■ Records shown
####
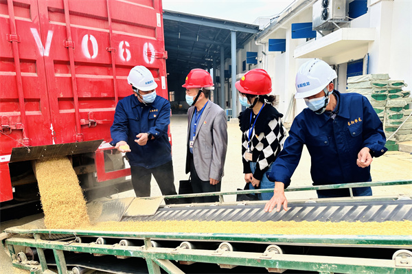 图为纪检监察干部在津洋口粮仓检查粮食入库情况
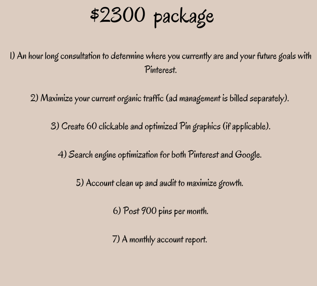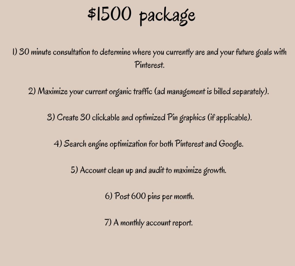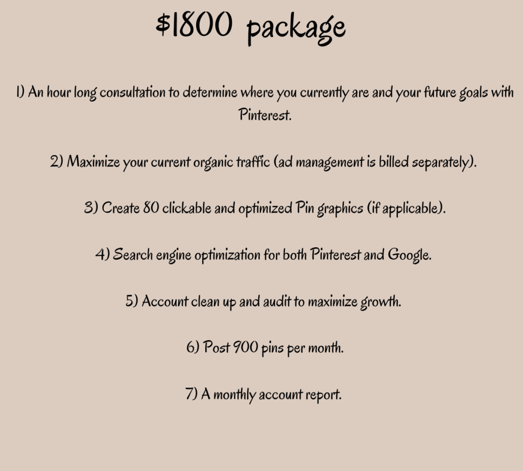A premium package for established e-commerce brands in need of a Pinterest specialist who’ll maximize growth and conversions from organic traffic and ad budgets.
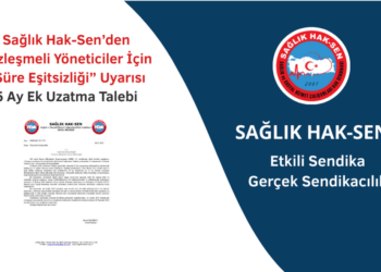 Haberin DevamıDetailsSözleşmeli Yöneticilerin Sözleşme Sürelerindeki Eşitsizlik İçin Sağlık Hak-Sen’den Resmî Talep Sağlık Hak-Sen Genel Merkezi olarak, Sağlık Bakanlığı taşra teşkilatlarında görev yapan sözleşmeli yöneticilerin sözleşme sürelerinde yaşanan hakkaniyete aykırı farklılıkların giderilmesi...
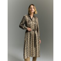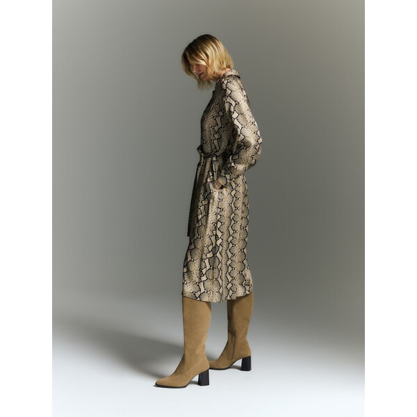 Sukienka midi o prostym kroju, wykonana ze wzorzystej tkaniny z wiskozy.koszulowy kołnierzykpagony na ramionachdługie rękawy z mankietamizapięcie na guzikiszeroki wiązany pasek w taliidwie klapki z przoduzwierzęcy wzórLimitowana kolekcja PREMIUM, dostępna w sklepie internetowym oraz w wybranych salonach. 100% WISKOZA COMING SOON Dostępny w rozmiarach L M S XL XS .
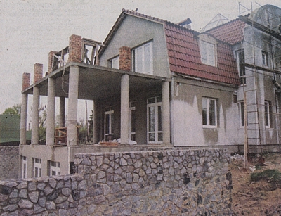 Навкруги за парканом лежали пісок, каміння, щебінь, стояли вагончик, бетономішалка. До будинку приставлені риштування. Міністра тут явно нема, подумали ми. Та вирішили все ж таки перевірити.
####
■ Your instructions
Print out every entry above without changing a word, and leave out the pictures.

■ Task result
 图为纪检监察干部在津洋口粮仓检查粮食入库情况
A premium package for established e-commerce brands in need of a Pinterest specialist who’ll maximize growth and conversions from organic traffic and ad budgets.
 Haberin DevamıDetailsSözleşmeli Yöneticilerin Sözleşme Sürelerindeki Eşitsizlik İçin Sağlık Hak-Sen’den Resmî Talep Sağlık Hak-Sen Genel Merkezi olarak, Sağlık Bakanlığı taşra teşkilatlarında görev yapan sözleşmeli yöneticilerin sözleşme sürelerinde yaşanan hakkaniyete aykırı farklılıkların giderilmesi...
 Sukienka midi o prostym kroju, wykonana ze wzorzystej tkaniny z wiskozy.koszulowy kołnierzykpagony na ramionachdługie rękawy z mankietamizapięcie na guzikiszeroki wiązany pasek w taliidwie klapki z przoduzwierzęcy wzórLimitowana kolekcja PREMIUM, dostępna w sklepie internetowym oraz w wybranych salonach. 100% WISKOZA COMING SOON Dostępny w rozmiarach L M S XL XS .
 Навкруги за парканом лежали пісок, каміння, щебінь, стояли вагончик, бетономішалка. До будинку приставлені риштування. Міністра тут явно нема, подумали ми. Та вирішили все ж таки перевірити.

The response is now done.